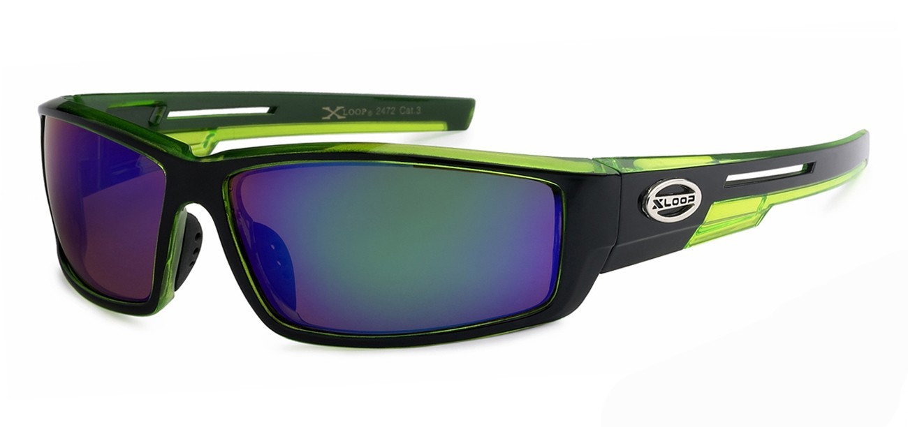 This X-Loop Sports Wrap comes in lively colors as shown. The lens is assorted smoke and Revo. A comfortable fit for long-term wear, these wholesale shades are a must-carry for sunglasses retailers with a market for buyers with an active lifestyle. With 100% UV protection.
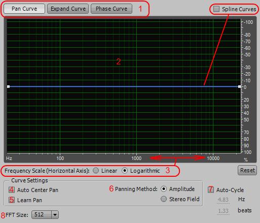 5. Learn Pan, Expand, or Phase (узнать панораму, ширину или фазу) – анализирует выбранный или проигрываемый звук, автоматически создавая кривую графика, которая отображает текущие позиции панорамы, ширины или фазы для каждой частоты.
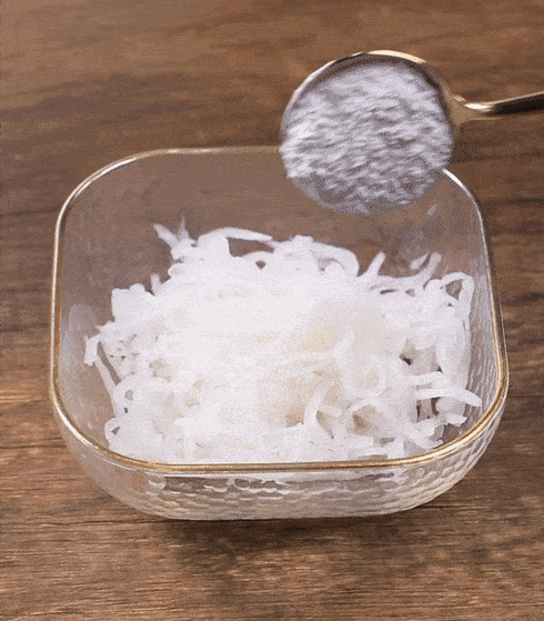 3.白蘿卜去皮後擦絲,加少量鹽,醃制15分鐘,擠出水分。用清水再沖洗一遍,再擠幹水分。
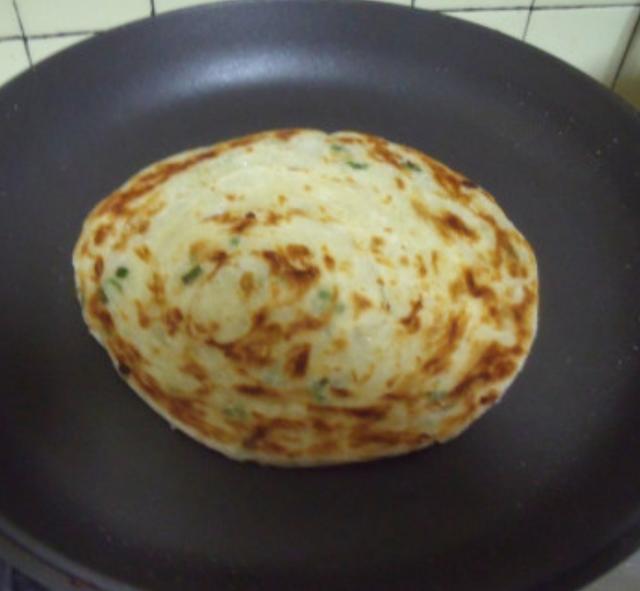 平底锅或饼铛烧热,锅里不放油、不放油、不放油。把饼快速低一点一手拿起倒到另一只手上,然后稳准狠地“bia”在锅里中间(这似乎是一个技术活啊),如果放歪了稍等两秒钟轻轻调整一下,盖锅盖 看到饼皮在手上摊下去的软硬厚薄程度了吧?一秒拍照再等一下就废了
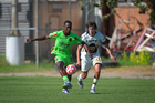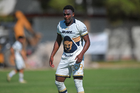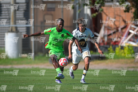 Ciudad Juárez, Chihuahua, 23 de septiembre de 2025. Fred Leventis y Stanley García, durante el partido correspondiente a la jornada 10 del torneo Apertura 2025 de la Liga BBVA MX categoría Sub21, entre los Bravos de FC Juárez y los Pumas de la UNAM, realizado en realizado en el Instituto Tecnológico de Ciudad Juárez. Foto: Imago7/ José Zamora
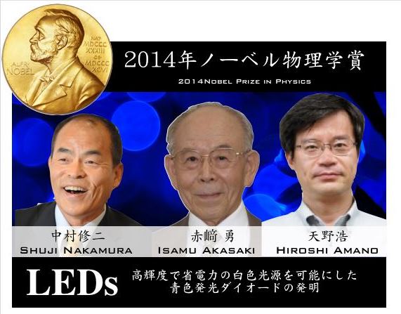 赤崎勇教授、天野浩教授、中村修二教授。
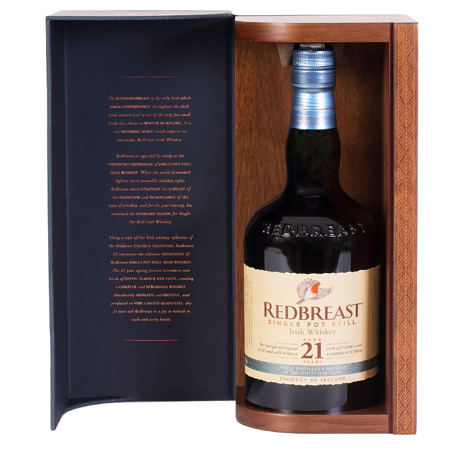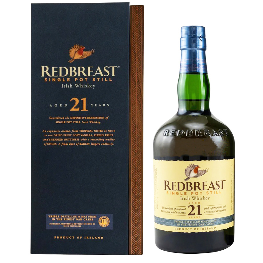 Produced in very limited quantities, Redbreast 21 represents the ultimate expression of Redbreast Single Pot Still Irish Whiskey. It has been triple distilled and matured in the finest oak casks.
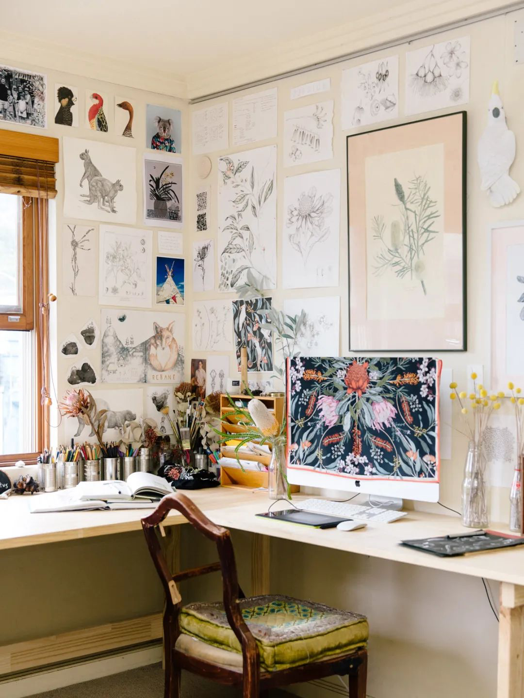 有了自己的网店之后,工作室的形态变得更为自由,我可以按自己的心意去装点它。最开心的事情不过是,把自己的作品都挂到墙上。
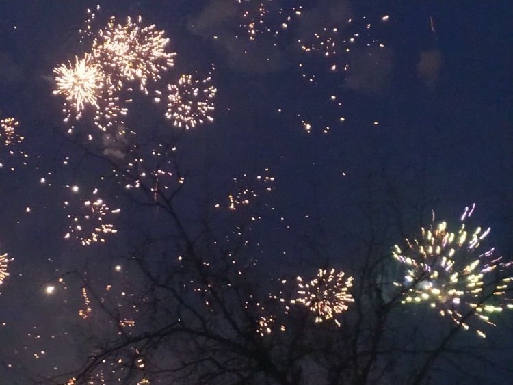 除夕夜里家附近会不停的放烟花,响度惊人,一度被我称为空袭。这是院子里的枯树和烟花的合影
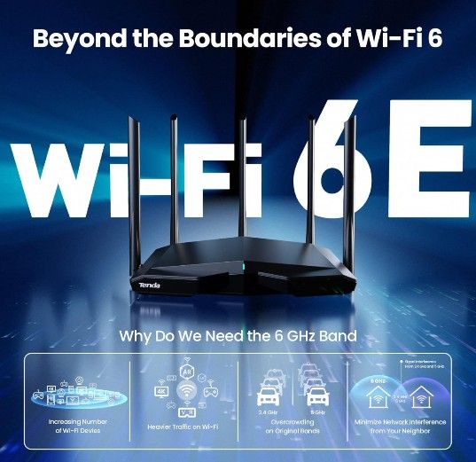 Tenda AXE5700 Smart WiFi 6E Router. Tri-Band Gigabit Wireless Router. With 5 High-Gain Antennas, Supports new 6GHz Band.
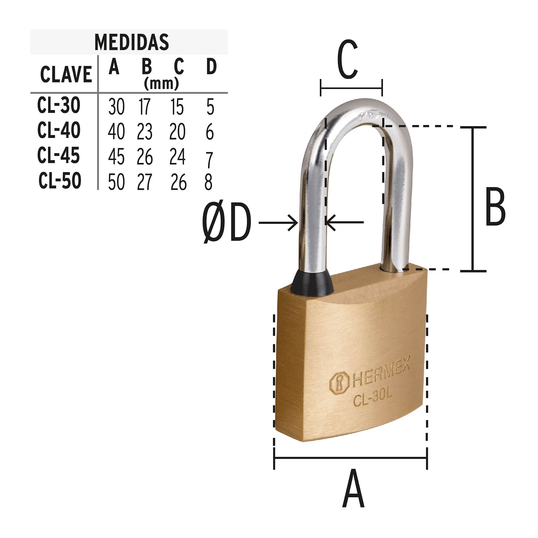 candado laton 40mm aro largo
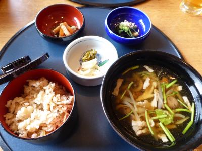 深山きのこ汁膳はきのこ汁、山菜炊き込みご飯、小鉢付きです。炊き込みご飯は薄味で丁度いいのですが、ちょっと山菜が少なすぎました。
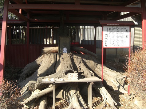 社殿の左側には神興庫があり(写真左)、通常は閉まっているのだが、正月初詣の関係で開いていたのは正直幸運だった。また並びにある社務所の手前には「熊杉」という大きな切り株がある(同右)。樹齢は約700年で世良田八坂神社のシンボル的な神木だったそうだが、今は切り株のみだ。
• • • •
**Exercise prompt:**
Transcribe, exactly and without pictures, everything in the data from the line with "3.白蘿卜去皮後擦絲,加少量" down to the line with "平底锅或饼铛烧热,锅里不放油", both included.

**Problem solution:**
 3.白蘿卜去皮後擦絲,加少量鹽,醃制15分鐘,擠出水分。用清水再沖洗一遍,再擠幹水分。
 平底锅或饼铛烧热,锅里不放油、不放油、不放油。把饼快速低一点一手拿起倒到另一只手上,然后稳准狠地“bia”在锅里中间(这似乎是一个技术活啊),如果放歪了稍等两秒钟轻轻调整一下,盖锅盖 看到饼皮在手上摊下去的软硬厚薄程度了吧?一秒拍照再等一下就废了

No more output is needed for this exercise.